SOSPS is advocating for a protection model based on the Okanagan-Shuswap Land and Resource Management Plan. Though Trudel could not provide details around how such a model would be regulated or funded, he says it would be "locally managed."

There is definitely no love lost between SOSPS and Parks Canada. Prior to July’s MOU, the federal agency held a series of 39 informational meetings in the spring attended by over 600 people. The agency also received feedback on the park proposal from another 2,848 people in the form of surveys. The results reflected a sharp divide: 49 percent mostly saw benefits to a national park while 41 percent expressed concerns around issues like land access and hunting and recreation restrictions. Of the seven key recommendations emerging from the engagement process, most related to improving Parks Canada communication and outreach with the public, community groups, and local government.

The process has been unnecessarily opaque at times, according to Cannings, and Parks Canada could do better at responding to public concerns in a timely fashion. However, he believes much of the concerns are based on misinformation that continues to be spread among anti-park activists, such as the claim that Parks Canada will expropriate private land and drive out cattle ranchers—neither of which is true, Cannings says. Parks Canada has repeatedly made it clear that "no lands will be expropriated as part of a national park reserve." 

"It's frustrating to be going to public meetings 17 years into the process and still hear people talking about expropriation," Cannings says. "Honestly, I think there's a lot of mistrust and dislike of the federal government that's behind this."

Not only do conservationists clash with anti-park activists, but also BC’s southern grasslands face pressures from urban sprawl, vineyards, tourism, and other competing land uses. According to Don Gayton, the grasslands "get no respect." "In mountain parks, the scenery with all the waterfalls, glaciers, and mountains does all the work for you. In grassland country, you have to do the work and get down on your hands and knees to truly appreciate it. If you put in the effort, the quiet and amazing diversity is breathtaking," Gayton says. "But this is a challenging place to create a national park. It's basically a suburban area." 

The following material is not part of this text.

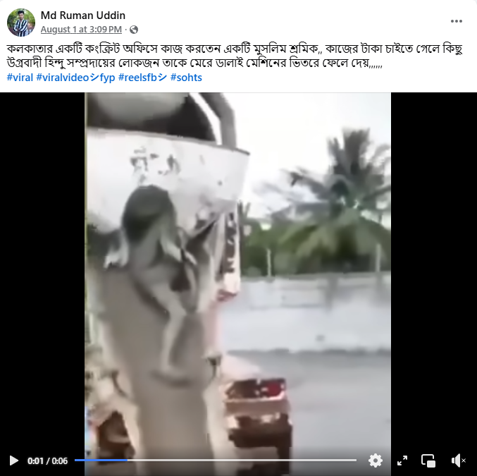 কলকাতার একটি অফিসে কর্মরত এক মুসলিম শ্রমিককে মেরে, ঢালাই মেশিনের মধ্যে ফেলে দেয় উগ্র হিন্দুত্ববাদী সম্প্রদায়ের লোকজনরা।
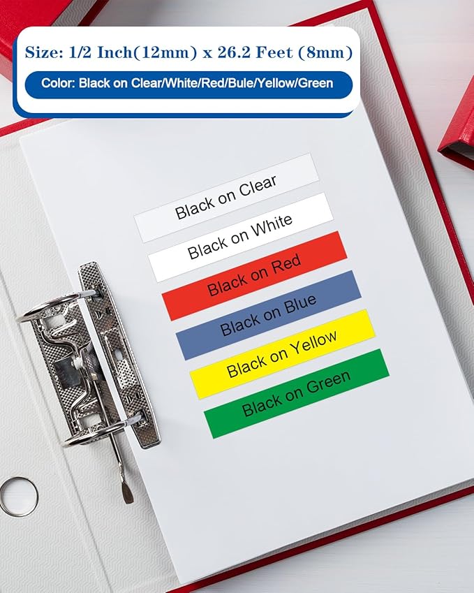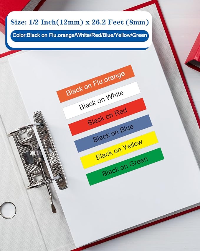 - Package Information: 6-pack compatible for brother p touch label tape TZe 12mm 0.47 laminated colored, Size: 12mm (1/2'') x 8m (26.2 feet) per label tape

But these clashes matter little without First Nations consent. Indigenous settlement in the southern Okanagan dates back thousands of years. Spotted Lake, along Highway 3, with its curious kaleidoscopic alkaline patterns, is part of the proposed park and is sacred to the Osoyoos Indian Band. Clarence Louie, the OIB's tough-talking chief, scoffs at park opponents who suggest a national park would lead to increased crime and wildfire risk, two tropes that are commonly trotted out at anti-park meetings. He also believes much of the opposition is rooted in white people's mistrust and resentment of Indigenous rights and title in the lands under question. 

Members of the OIB and the five other bands that form the Syilx/Okanagan Nation are far from uniformly in favor of the park. For example, 67-year-old Uthlxanica is a Syilx elder who views a national park as an extension of colonialism. However, their leadership has expressed support in principle. Chief Louie says much work needs to be done before the distinct brown and yellow Parks Canada signs start appearing in Okanagan and Similkameen territory.

"We don't have all the information. There needs to be hundreds of more meetings and discussions," Louie says. 

With all the competing interests, for folks like Gayton, national park advocacy is a test of endurance. "The average timeline for creating a national park is 30 years,” says Gayton, who hopes to see one come to fruition in his lifetime. “So I guess we're about halfway there.”